**What you are asked to do:** Retype word for word the stretch of entries below from the line that has "Monreal_Eifel Panorama Erholungsort" through the line that has "여성 새틴 셔츠 긴팔 블라우스 정장상의 샤이닝 남방", and omit the pictures.

**Study material:**
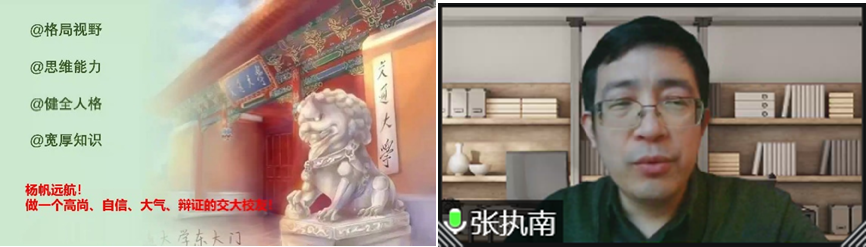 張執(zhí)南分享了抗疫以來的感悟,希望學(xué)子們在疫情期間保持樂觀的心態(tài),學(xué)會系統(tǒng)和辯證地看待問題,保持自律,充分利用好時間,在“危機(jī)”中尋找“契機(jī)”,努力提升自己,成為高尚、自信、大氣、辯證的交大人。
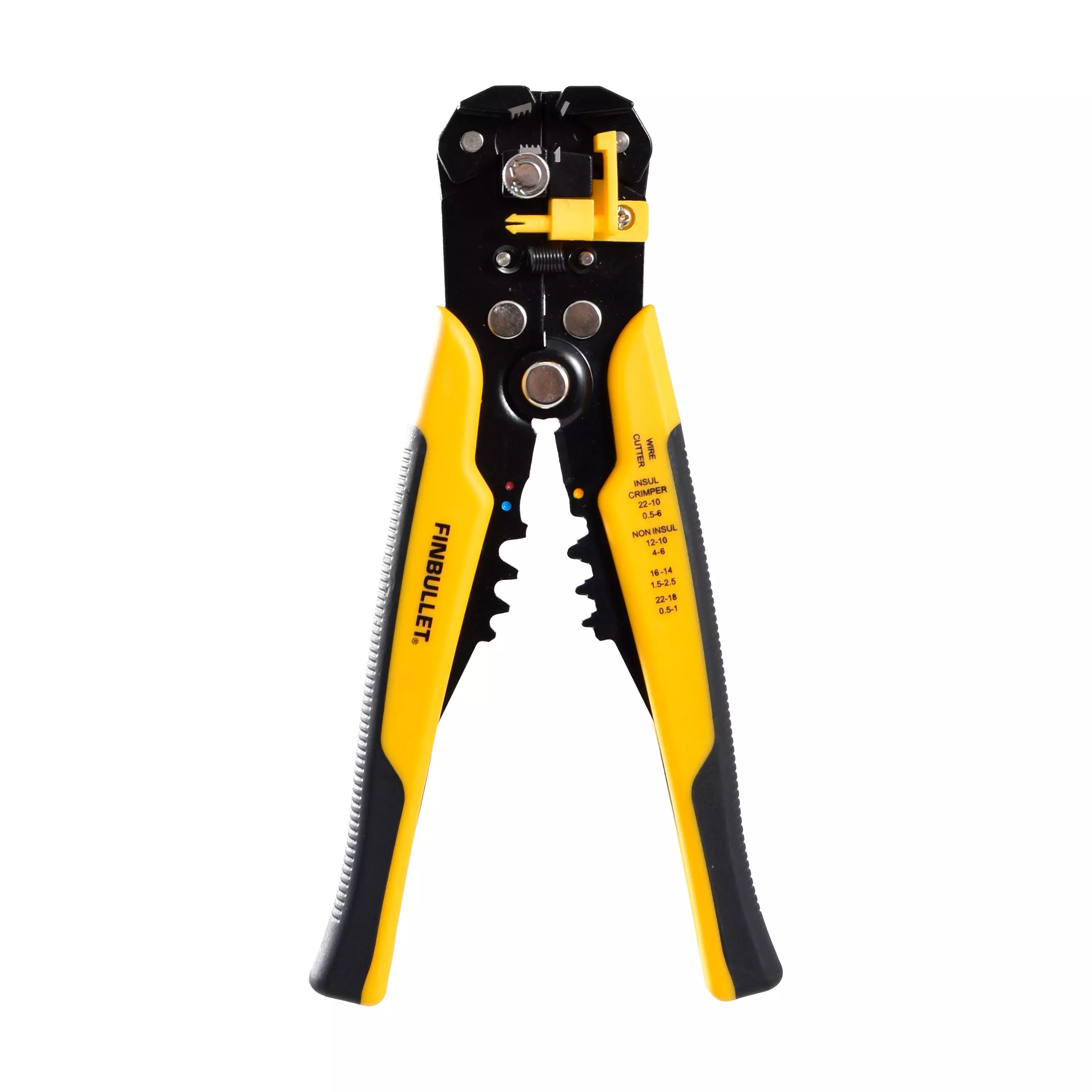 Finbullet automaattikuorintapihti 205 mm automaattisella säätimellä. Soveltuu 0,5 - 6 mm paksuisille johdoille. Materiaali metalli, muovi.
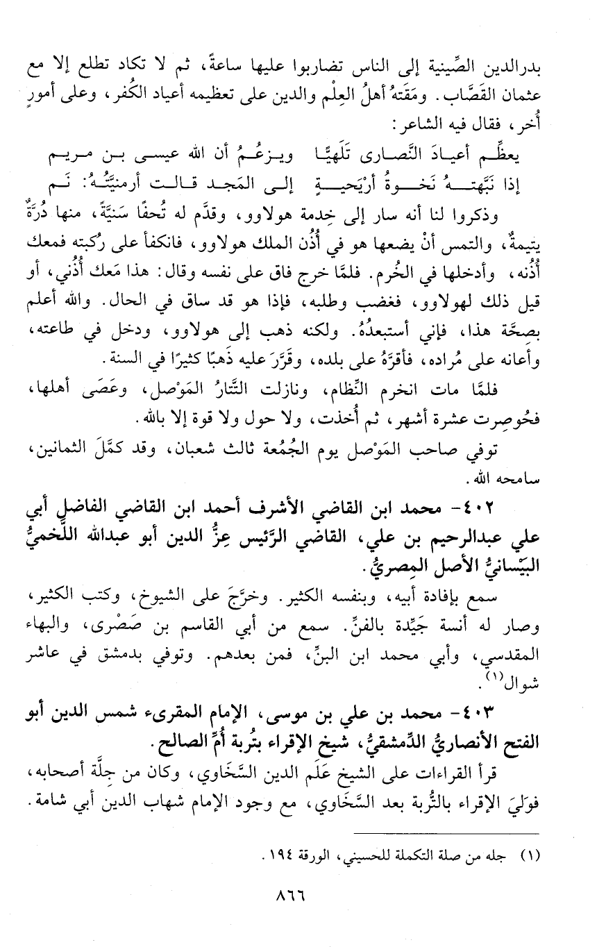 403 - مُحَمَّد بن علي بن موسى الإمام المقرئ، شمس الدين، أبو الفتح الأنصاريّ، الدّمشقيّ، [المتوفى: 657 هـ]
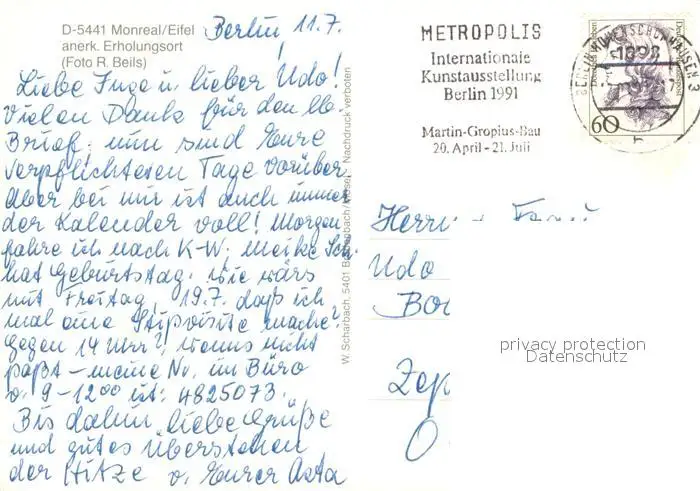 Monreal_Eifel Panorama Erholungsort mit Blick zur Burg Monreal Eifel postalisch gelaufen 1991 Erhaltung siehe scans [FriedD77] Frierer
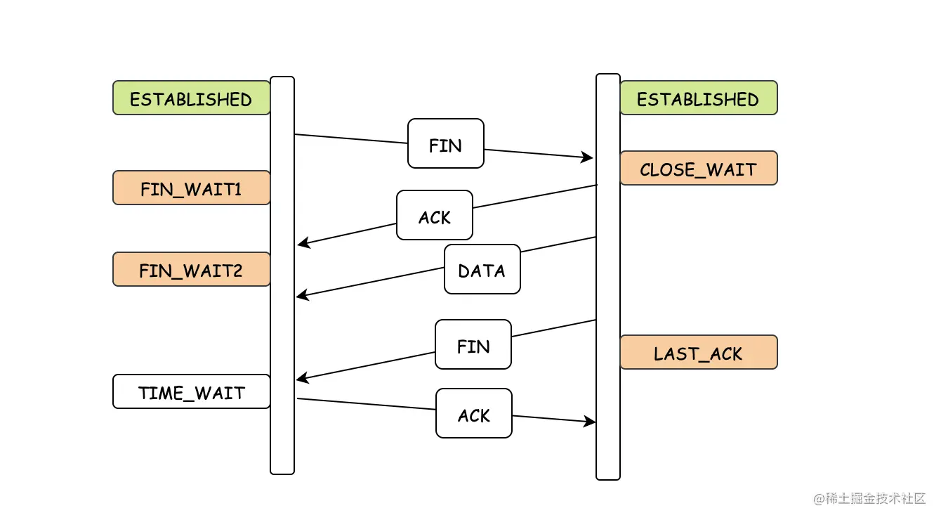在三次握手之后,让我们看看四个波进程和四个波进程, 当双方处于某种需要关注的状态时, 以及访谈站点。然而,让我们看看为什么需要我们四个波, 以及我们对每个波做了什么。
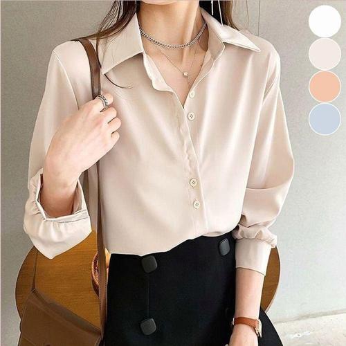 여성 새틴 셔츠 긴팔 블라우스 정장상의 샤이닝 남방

--

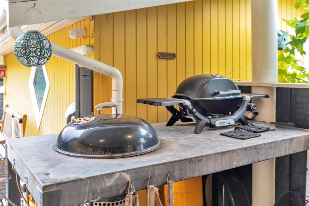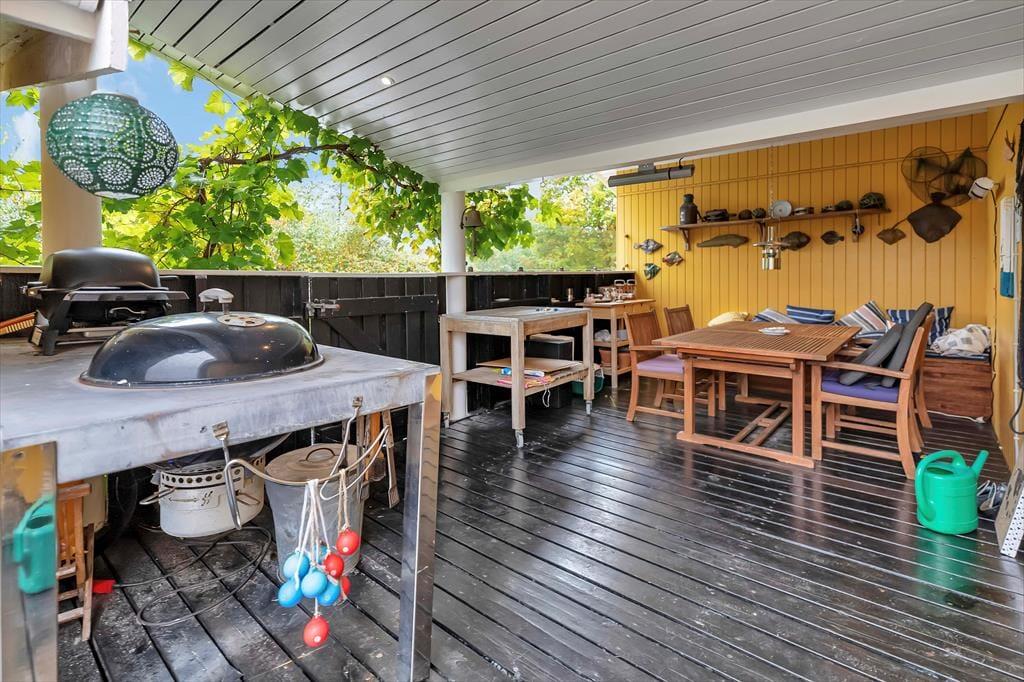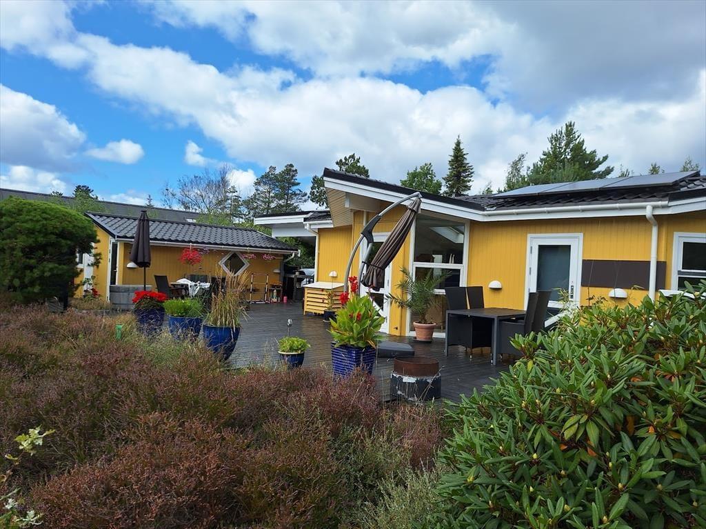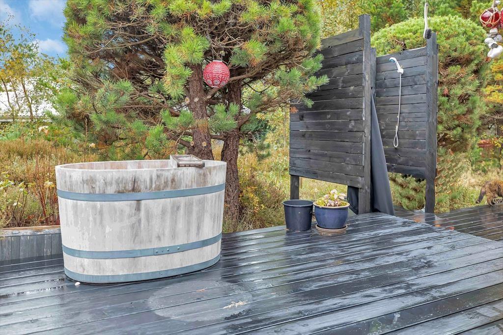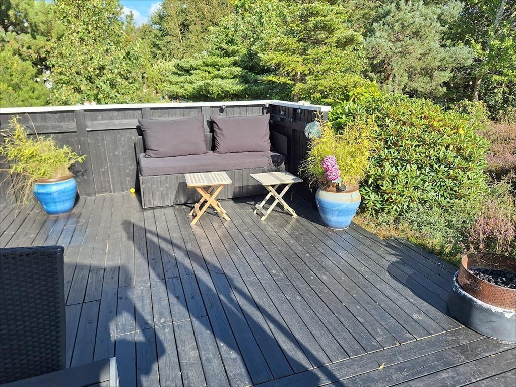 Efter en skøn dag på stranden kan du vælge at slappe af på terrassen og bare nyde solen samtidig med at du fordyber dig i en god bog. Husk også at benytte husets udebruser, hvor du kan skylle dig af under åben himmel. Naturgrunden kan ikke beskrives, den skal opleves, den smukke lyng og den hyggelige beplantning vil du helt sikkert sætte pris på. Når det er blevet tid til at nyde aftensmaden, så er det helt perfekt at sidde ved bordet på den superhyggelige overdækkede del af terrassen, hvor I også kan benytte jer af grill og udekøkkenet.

==

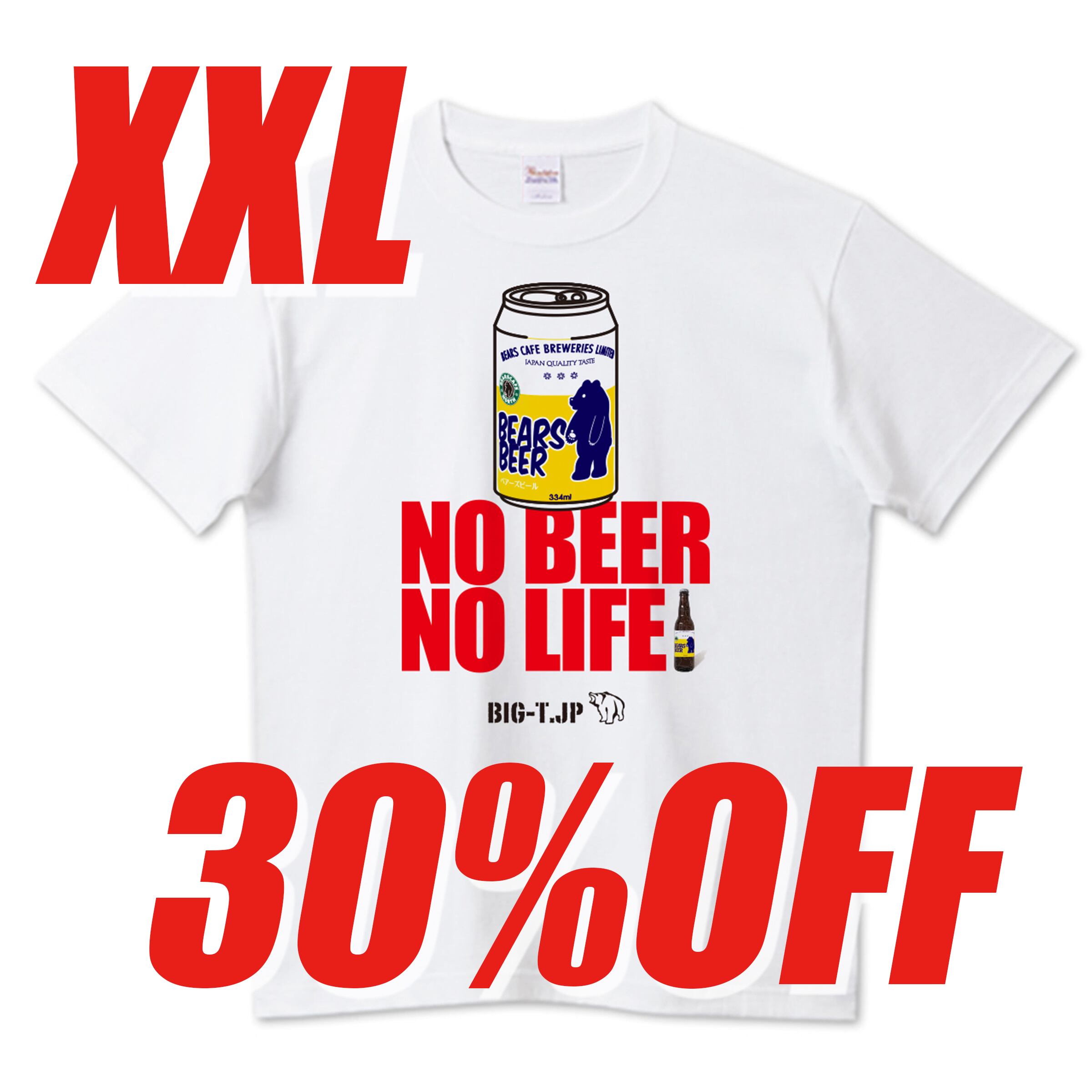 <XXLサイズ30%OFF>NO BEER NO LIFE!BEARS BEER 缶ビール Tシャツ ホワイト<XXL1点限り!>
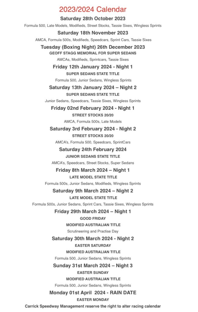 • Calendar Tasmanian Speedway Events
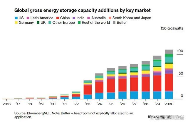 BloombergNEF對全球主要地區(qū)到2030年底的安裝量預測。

**Written answer:**
 Monreal_Eifel Panorama Erholungsort mit Blick zur Burg Monreal Eifel postalisch gelaufen 1991 Erhaltung siehe scans [FriedD77] Frierer
在三次握手之后,让我们看看四个波进程和四个波进程, 当双方处于某种需要关注的状态时, 以及访谈站点。然而,让我们看看为什么需要我们四个波, 以及我们对每个波做了什么。
 여성 새틴 셔츠 긴팔 블라우스 정장상의 샤이닝 남방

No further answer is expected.